:: Problem description ::
Pictures do not belong in the output. Reproduce exactly the lines from the start of the records through the line with "Das Appartement 17".

Data extracted from a collection
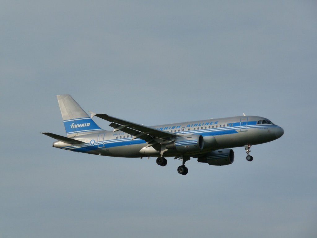 Finnair A 319-112 mit Retro-Lackierung "Silverbird" am 25.5.10 in Zürich.
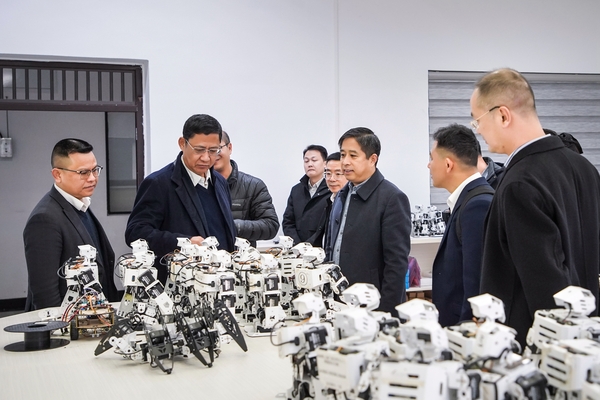 期间,李建国一行还参观了学校智能芯片公共服务平台、智能芯片封装测试中试基地、人工智能技术应用实验室、广西光电信息处理重点实验室、产教融合基地、政府数字传播与文化软实力研究中心。
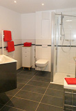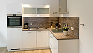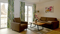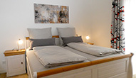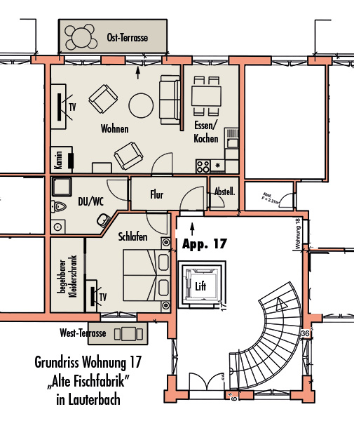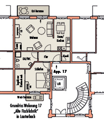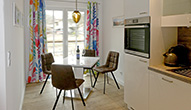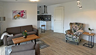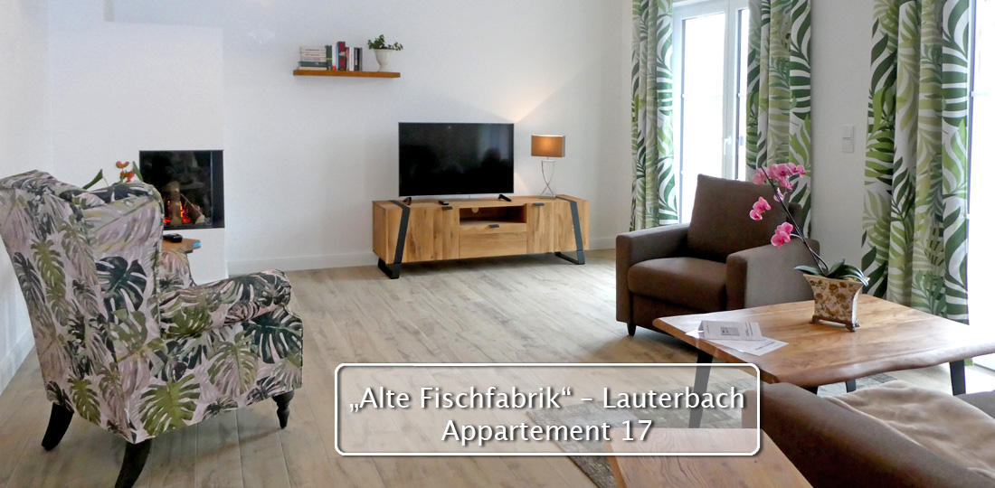Das Appartement 17 im Erdgeschoss ist mit Liebe zum Detail, hell und gemütlich eingerichtet – hier werden Sie sich rundum wohlfühlen. Es verfügt auf 65 qm über ein Schlafzimmer mit Doppelbett und TV, ein Wohnzimmer mit Kabel-TV, eine Küche sowie ein Bad. Ein Gaskamin sorgt in kalten Wintertagen für eine angenehme Wärme. Im Wohnzimmer befindet sich eine Schlafcouch mit Bettfunktion. Die ausgestattet ist mit einem Lattenrost und einer Matratze, so dass Sie hier wunderbar schlafen können. Die gut ausgestattete Küche verfügt über einen Herd mit 4 Kochfeldern, Kühlschrank mit Gefrierfach, Geschirrspüler, Kaffeemaschine, Toaster. Die Fewo hat eine ca. 24 qm große Terrasse zum Osten und eine kleine Terrasse zum Westen, damit Sie die Abendsonne geniessen können – beide Terrassen sind mit hochwertigen Gartenmöbeln ausgestattet.
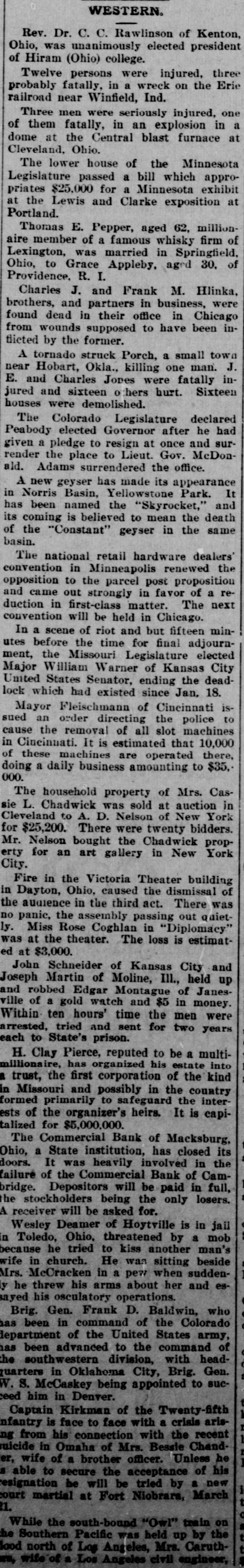 WESTERN. Rev. Dr. C. C. Rawlinson of Kenton, Ohio, was unanimously elected president of Hiram (Ohio) college. Twelve persons were injured, three probably fatally, in a wreck on the Erie railroad near Winfield, Ind. Three men were seriously injured, one of them fatally, in an explosion in a dome at the Central blast furnace at Cleveland, Ohio. The lower house of the Minnesota Legislature passed a bill which appropriates $25,000 for a Minnesota exhibit at the Lewis and Clarke exposition at Portland. Thomas E. Pepper, aged 62, millionaire member of a famous whisky firm of Lexington, was married in Springfield, Ohio, to Grace Appleby, aged 30, of Providence, R. I. Charles J. and Frank M. Hlinka, brothers, and partners in business, were found dead in their office in Chicago from wounds supposed to have been inflicted by the former. A tornado struck Porch, a small town near Hobart, Okla., killing one man. J. E. and Charles Jones were fatally injured and sixteen 0 thers hurt. Sixteen houses were demolished. The Colorado Legislature declared Peabody elected Governor after he had given a pledge to resign at once and surrender the place to Lieut. Gov. McDonald. Adams surrendered the office. A new geyser has made its appearance in Norris Basin, Yellowstone Park. It has been named the "Skyrocket," and its coming is believed to mean the death of the "Constant" geyser in the same basin. The national retail hardware dealers' convention in Minneapolis renewed the opposition to the parcel post proposition -er B JO JOAN u! ano came pus duction in first-class matter. The next convention will be held in Chicago. In a scene of riot and but fifteen minutes before the time for final adjournment, the Missouri Legislature elected Major William Warner of Kansas City United States Senator, ending the deadlock which had existed since Jan, 18. Mayor Fleischmann of Cincinnati issued an order directing the police to cause the removal of all slot machines in Cincinnati. It is estimated that 10,000 of these machines are operated there, doing a daily business amounting to $35, *000 The household property of Mrs. Cassie L. Chadwick was sold at auction in Cleveland to A. D. Nelson of New York for $25,200. There were twenty bidders. Mr. Nelson bought the Chadwick property for an art gallery in New York City. Fire in the Victoria Theater building in Dayton, Ohio, caused the dismissal of the audience in the third act. There was no panic, the assembly passing out quietly. Miss Rose Coghlan in "Diplomacy" was at the theater. The loss is estimated at $3,000. John Schneider of Kansas City and Joseph Martin of Moline, Ill., held up and robbed Edgar Montague of Janesville of a gold watch and $5 in money. Within ten hours' time the men were arrested, tried and sent for two years each to State's prison. H. Clay Pierce, reputed to be a multimillionaire, has organized his estate into a trust, the first corporation of the kind in Missouri and possibly in the country formed primarily to safeguard the interests of the organizer's heirs. It is capitalized for $5,000,000. The Commercial Bank of Macksburg, Ohio, a State institution, has closed its doors. It was heavily involved in the failure of the Commercial Bank of Cambridge. Depositors will be paid in full, he stockholders being the only losers. A receiver will be asked for. Wesley Deamer of Hoytville is in jail in Toledo, Ohio, threatened by a mob because he tried to kiss another man's wife in church. He was sitting beside Mrs. McCracken in a pew when suddeny he threw his arms about her and essayed his osculatory operations. Brig. Gen. Frank D. Baldwin, who has been in command of the Colorado department of the United States army, has been advanced to the command of the southwestern division, with headuarters in Oklahoma City, Brig. Gen. W. S. McCaskey being appointed to succeed him in Denver. Captain Kirkman of the Twenty-fifth nfantry is face to face with a crisis arisng from his connection with the recent suicide in Omaha of Mrs. Bessie Chander, wife of a brother officer. Unless he s able to secure the acceptance of his Meu . sq pepsi eq IIIM eq at Fort Niobrara, March
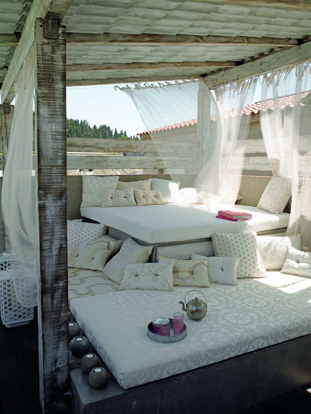 En el jardín el visillo también es el protagonista, nos da ese toque de fiesta en la terraza o en la glorieta, nos ofrece una sombra ligera bajo el sol del atardecer. Y sí… ¡ya llegaron las vacaciones! Solo nos queda disfrutar que solo son una vez al año.
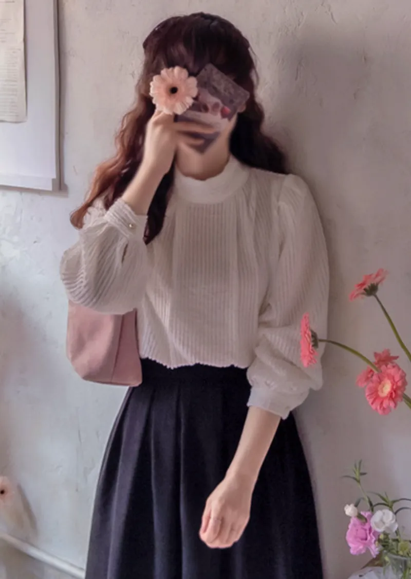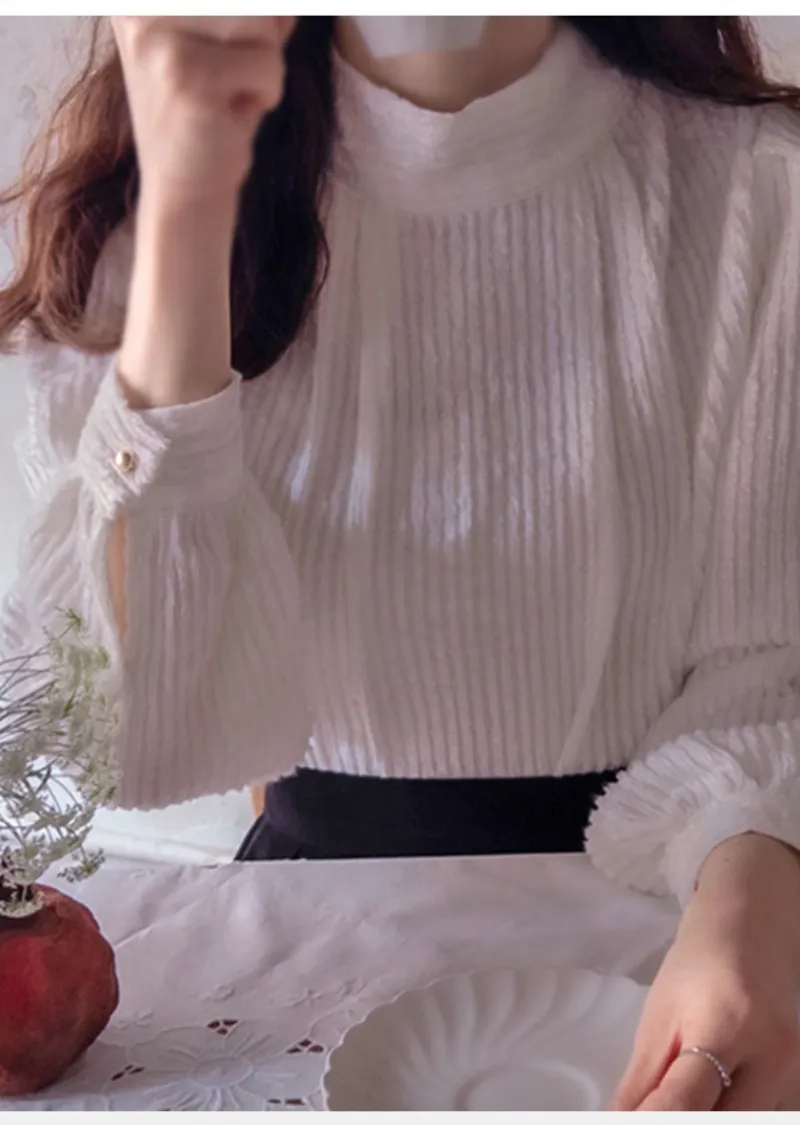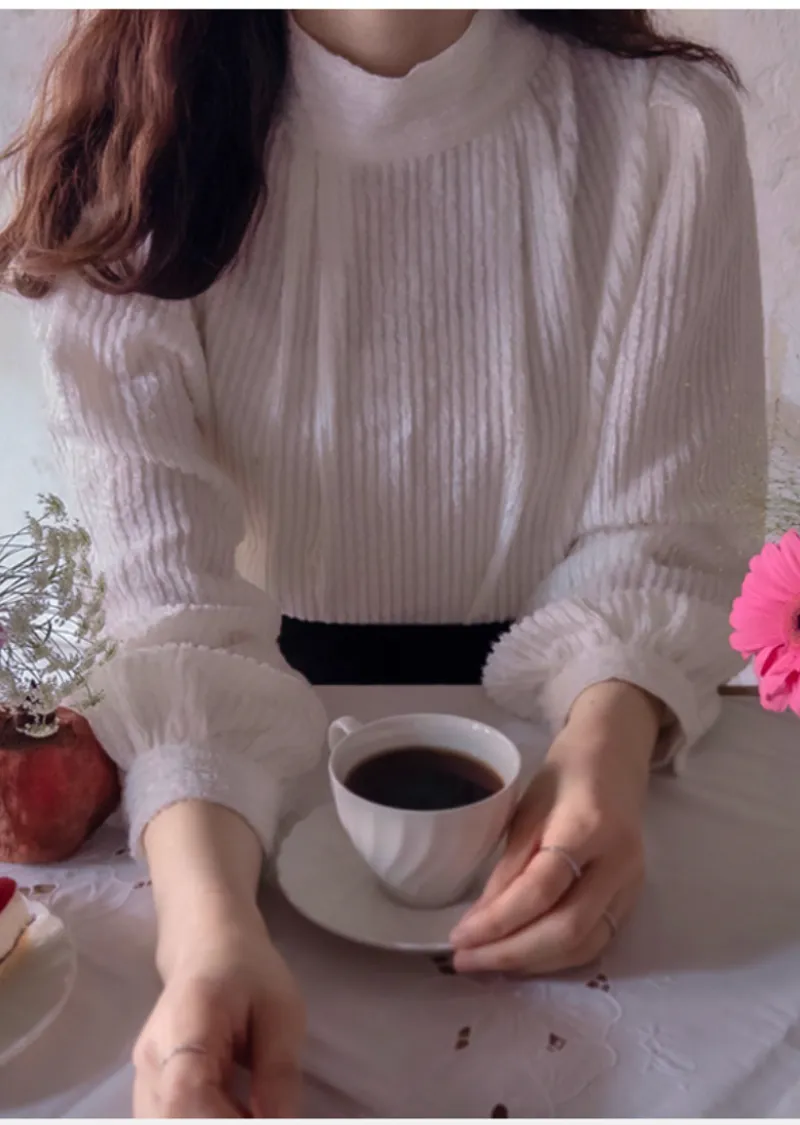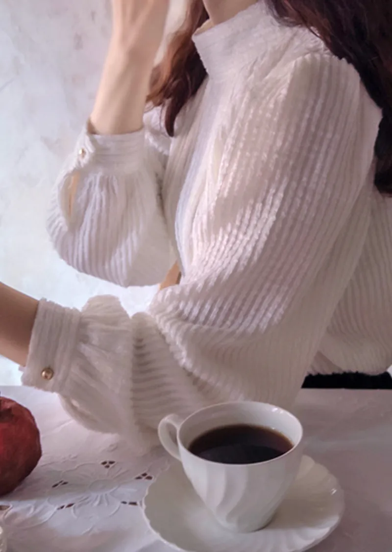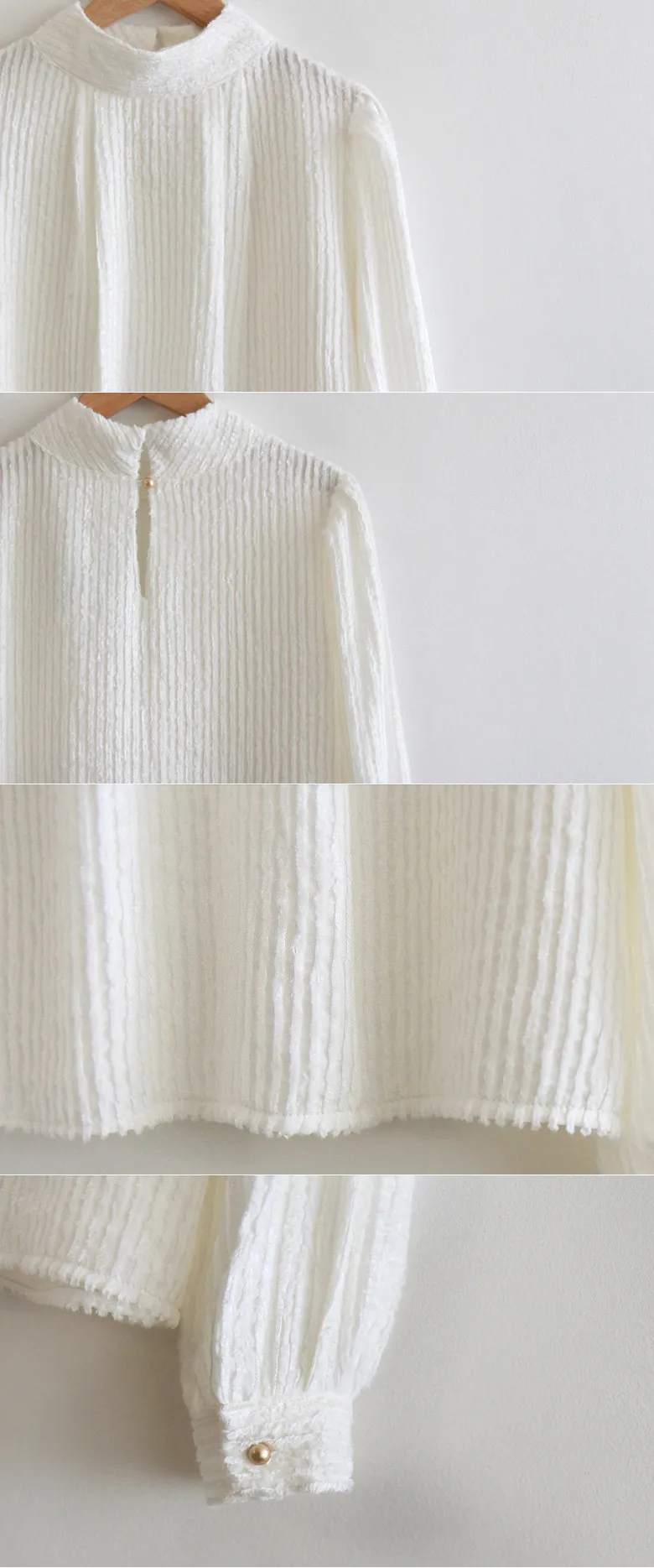 【飾以精緻純淨的豎條紋絲絨圖案上衣】【採用半極性面料,面料本身的特性營造出柔美氣質】【袖口鈕扣設計亦為亮點】【寬鬆舒適的版型,打造完美搭配】【是一款適合換季穿著的百搭絲絨上衣】

:: Solution for this exercise ::
 Finnair A 319-112 mit Retro-Lackierung "Silverbird" am 25.5.10 in Zürich.
 期间,李建国一行还参观了学校智能芯片公共服务平台、智能芯片封装测试中试基地、人工智能技术应用实验室、广西光电信息处理重点实验室、产教融合基地、政府数字传播与文化软实力研究中心。
Das Appartement 17 im Erdgeschoss ist mit Liebe zum Detail, hell und gemütlich eingerichtet – hier werden Sie sich rundum wohlfühlen. Es verfügt auf 65 qm über ein Schlafzimmer mit Doppelbett und TV, ein Wohnzimmer mit Kabel-TV, eine Küche sowie ein Bad. Ein Gaskamin sorgt in kalten Wintertagen für eine angenehme Wärme. Im Wohnzimmer befindet sich eine Schlafcouch mit Bettfunktion. Die ausgestattet ist mit einem Lattenrost und einer Matratze, so dass Sie hier wunderbar schlafen können. Die gut ausgestattete Küche verfügt über einen Herd mit 4 Kochfeldern, Kühlschrank mit Gefrierfach, Geschirrspüler, Kaffeemaschine, Toaster. Die Fewo hat eine ca. 24 qm große Terrasse zum Osten und eine kleine Terrasse zum Westen, damit Sie die Abendsonne geniessen können – beide Terrassen sind mit hochwertigen Gartenmöbeln ausgestattet.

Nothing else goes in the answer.